RECORDED DATA:
- Opening Delimiter -

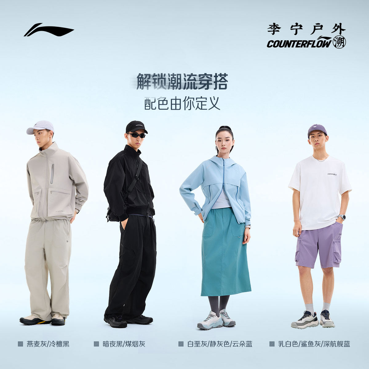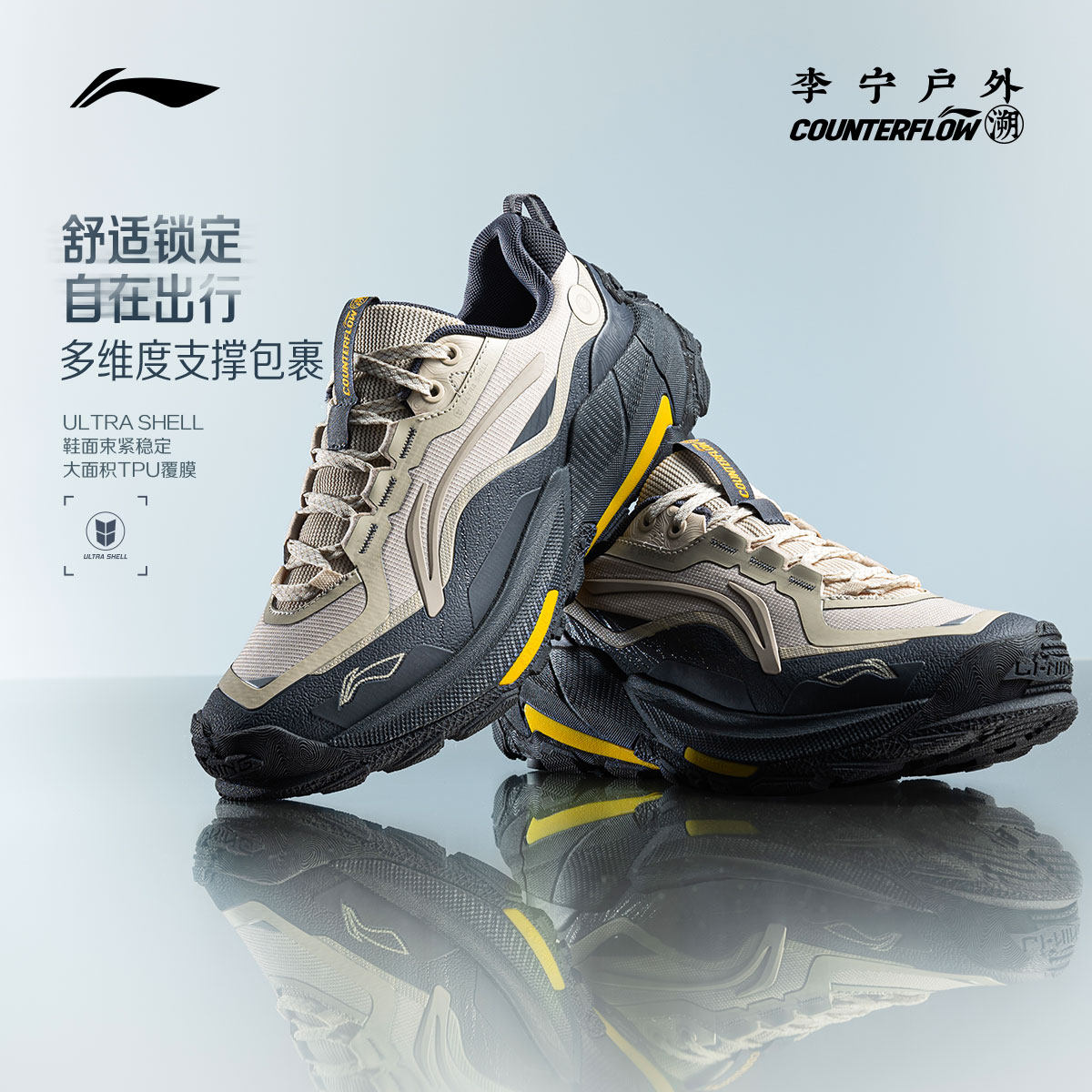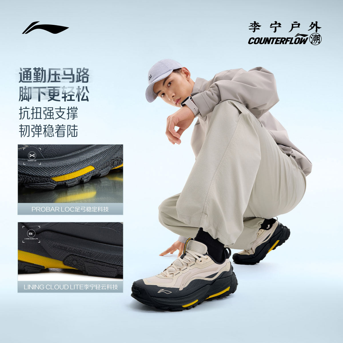 李宁户外CF溯|逸界2休闲鞋男女鞋减震轻便回弹防滑耐磨运动鞋
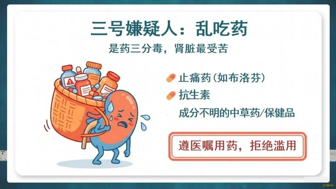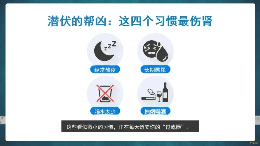 谁是伤害肾脏的“头号嫌疑人”?糖尿病、高血压、乱吃药以及熬夜、憋尿、少喝水、抽烟喝酒等不良习惯都在悄悄透支肾脏健康。特别是糖尿病和高血压患者,更是高危人群。
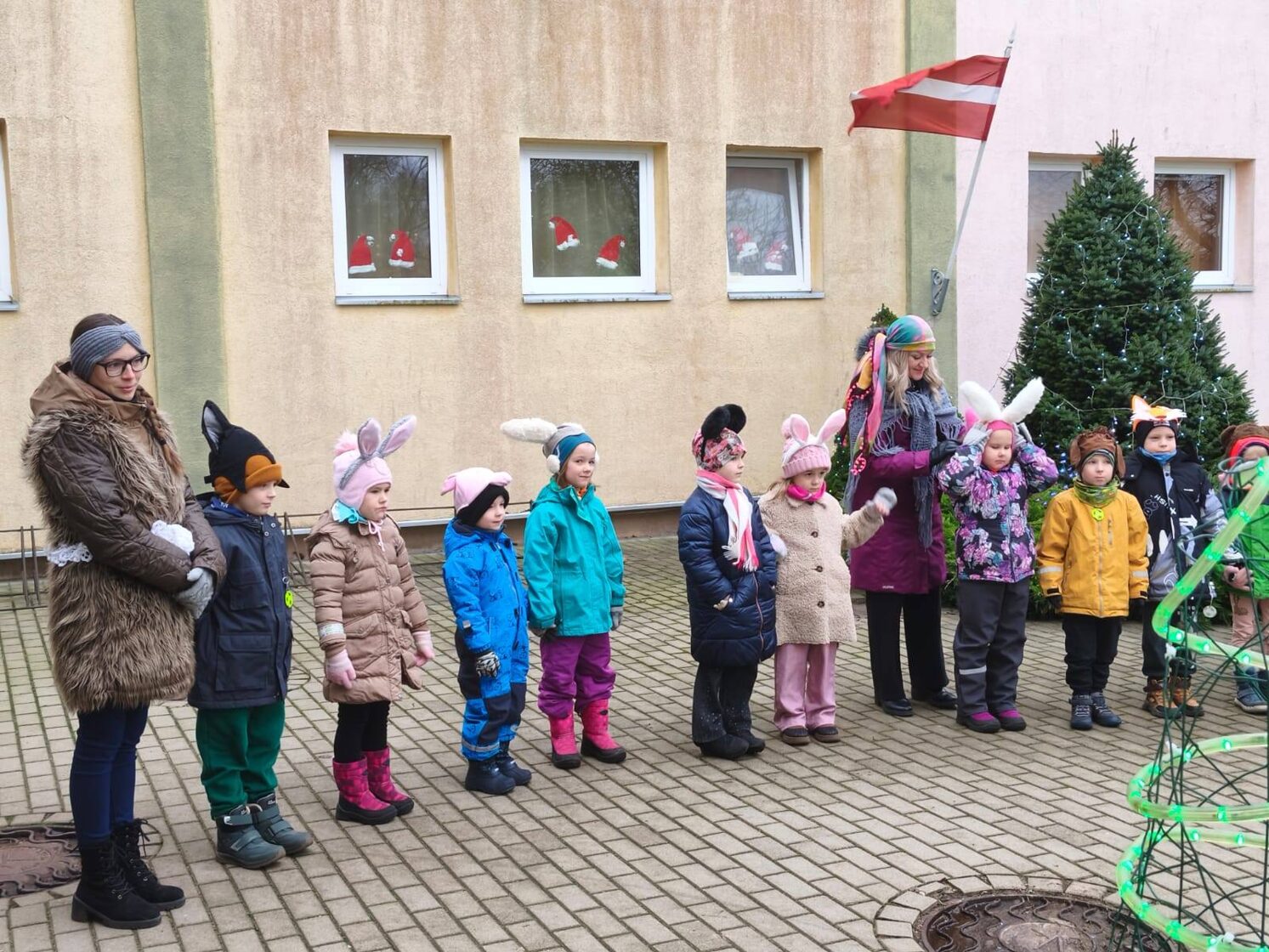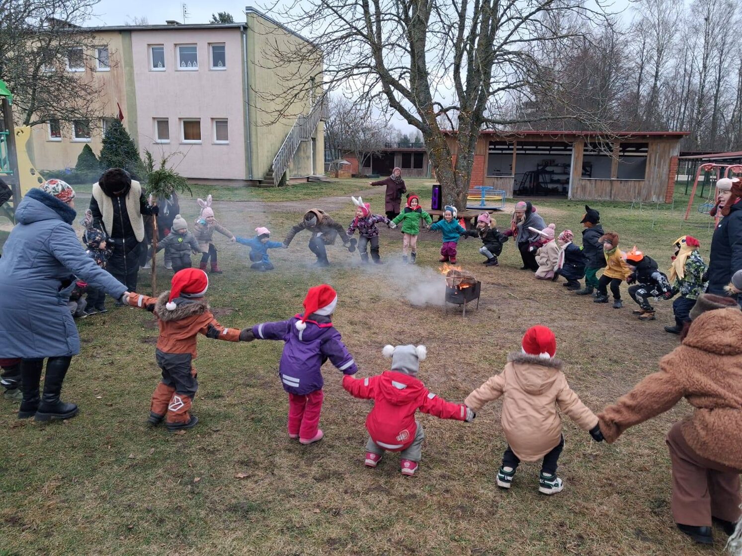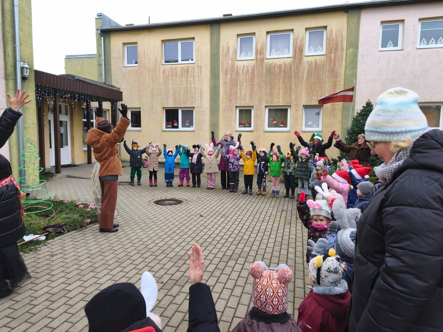 Godinot latviešu tautas tradīcijas Pāvilostas pilsētas PII “Dzintariņš” saime svin Ziemas saulgriežus ar bluķa rītu. Bluķa vilkšana atgādina saules kustību un sadedzināšana gaismas uzvaru pār tumsu. Bluķa dedzināšana atvieglo saules pagriešanos uz pavasara pusi un gaismas atgriešanos dabā. Senie latvieši vēla bluķi pa visu ciemu no mājas uz māju un ticēja, ka bluķī tiek novelts viss vecā gada grūtums. Bluķis tika sadedzināts par zīmi, ka vecā gada pūliņi pabeigti un Jauns gads var sākties. Šogad “Dzintariņam” bijis labs gads, jo Bluķa rītā sadegot pat bluķis smaida, bet “Dzintariņa” saime veselīgu, priecīgu un laimīgu arī nākamo gadu gaida.

- Closing Delimiter -

TASK REQUIREMENTS:
Each line above is to be copied verbatim. Drop any image from the copy.

SOLUTION TO THE PROBLEM:
 李宁户外CF溯|逸界2休闲鞋男女鞋减震轻便回弹防滑耐磨运动鞋
 谁是伤害肾脏的“头号嫌疑人”?糖尿病、高血压、乱吃药以及熬夜、憋尿、少喝水、抽烟喝酒等不良习惯都在悄悄透支肾脏健康。特别是糖尿病和高血压患者,更是高危人群。
 Godinot latviešu tautas tradīcijas Pāvilostas pilsētas PII “Dzintariņš” saime svin Ziemas saulgriežus ar bluķa rītu. Bluķa vilkšana atgādina saules kustību un sadedzināšana gaismas uzvaru pār tumsu. Bluķa dedzināšana atvieglo saules pagriešanos uz pavasara pusi un gaismas atgriešanos dabā. Senie latvieši vēla bluķi pa visu ciemu no mājas uz māju un ticēja, ka bluķī tiek novelts viss vecā gada grūtums. Bluķis tika sadedzināts par zīmi, ka vecā gada pūliņi pabeigti un Jauns gads var sākties. Šogad “Dzintariņam” bijis labs gads, jo Bluķa rītā sadegot pat bluķis smaida, bet “Dzintariņa” saime veselīgu, priecīgu un laimīgu arī nākamo gadu gaida.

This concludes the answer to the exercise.